Section 16. Expenses. Costs of administration of this Agreement shall be paid by the Company.
Section 17. Administration. The NCGC shall have the authority to administer the operation of the Agreement, but shall not have the authority to amend the Agreement.
Section 18. Definitions.
(a) "Beneficiary" shall mean the person or persons designated in writing by the Participant to receive any undistributed amounts credited to the Participant's Account at his or her death. The designation shall be made on a beneficiary designation form in substantially the form attached hereto ("Beneficiary Designation Form") and shall be filed with the Chairperson of the NCGC at any time by the Participant. Any such designation may be withdrawn or changed in writing, but only the last Beneficiary Designation Form on file with the Company shall be effective. If a Beneficiary shall have predeceased a Participant, or if a Beneficiary shall not have been designated, the Participant's Beneficiary shall be the Participant's estate in accordance with the applicable laws of will and descent.
(b) "Change in Control" means any of the following transactions: (i) the dissolution or liquidation of the Company; (ii) a merger, consolidation or reorganization of the Company in which the Company is not the surviving corporation; (iii) a sale of all or substantially all of the assets of the Company to another corporation or other entity; or (iv) any other transaction (including a merger or reorganization in which the Company is the surviving corporation) that results in any "person" or "group" (within the meaning of Rule 13d-5 under the Securities Exchange Act of 1934, as amended) beneficially owning (within the meaning of Rule 13d-3 under the Securities Exchange Act of 1934, as amended) more than 50% of the combined voting power of all classes of voting securities of the Company; provided that any such transaction constitutes a "change in control event" within the meaning of Code Section 409A.
(c) "Disability" shall mean, in the case of Grandfathered Fees, the incapacity of the Participant to perform as a Director due to a mental or physical disability which shall have continued for a period of six months and which shall have been certified to by a physician acceptable to the Company. In the case of Non-Grandfathered Fees, "Disability" means if the Participant (i) is unable to engage in any substantial gainful activity by reason of any medically determinable physical or mental impairment which can be expected to result in death or can be expected to last for a continuous period of not less than twelve (12) months, or (ii) is, by reason of any medically determinable physical or mental impairment which can be expected to result in death or can be expected to last for a continuous period of not less than twelve (12) months, receiving income replacement benefits for a period of not less than three (3) months under an accident and health plan covering employees of the Participant's employer.

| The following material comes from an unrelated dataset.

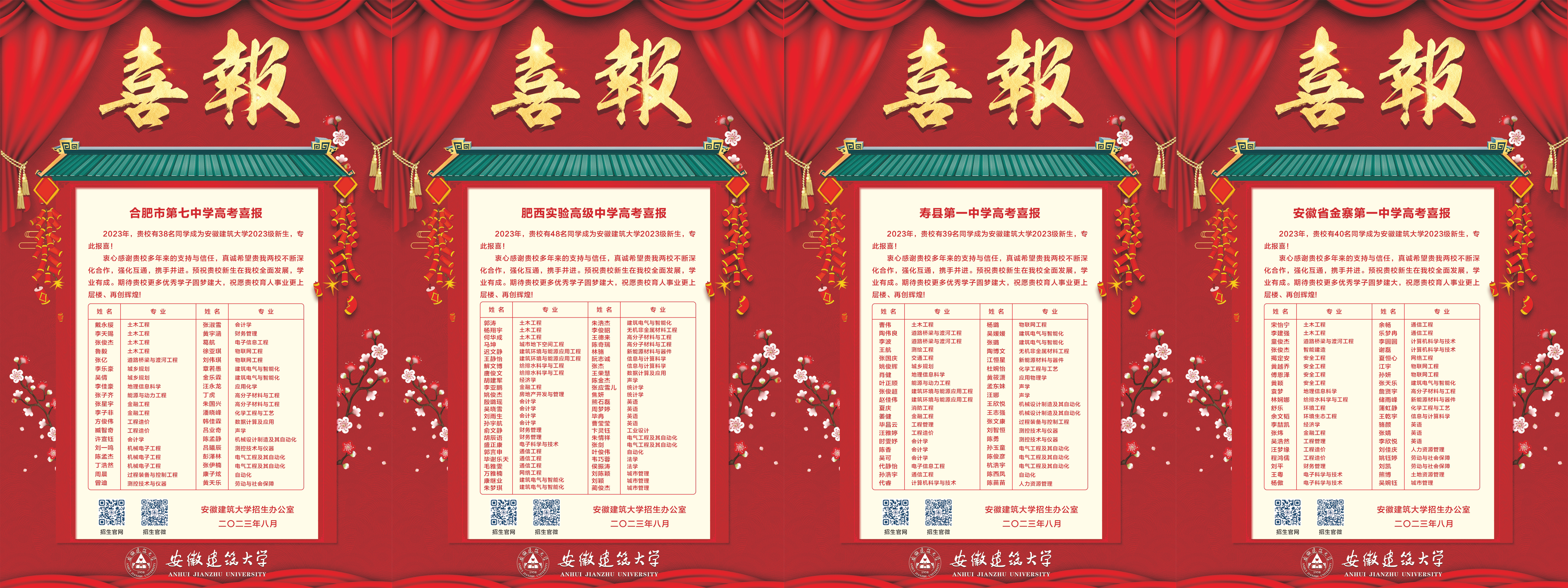 本网讯 8月11日,随着第五批新生录取通知书完成寄发,历时近两个月的安徽建筑大学2023年普通高考招生录取工作顺利结束。

(d) "Fair Market Value" shall have the meaning ascribed to such term in the Director Plan.
(e) "Participant" shall mean the individuals specified in Section 1.
Section 19. Notices. Any notice or election required or permitted to be given shall be in writing and shall be deemed to be filed (a) on the date it is personally delivered to the Chairperson of the NCGC; (b) three (3) business days after it is sent by registered or certified mail, addressed to the Chairperson of the NCGC; or (c) on the date it is sent if by e-mail or by facsimile to the Chairperson of the NCGC.
Section 20. Governing Law. All rights under this Agreement shall be governed by and construed in accordance with the laws of the State of Connecticut without giving effect to the principles of conflict or choice of law rules of any jurisdiction.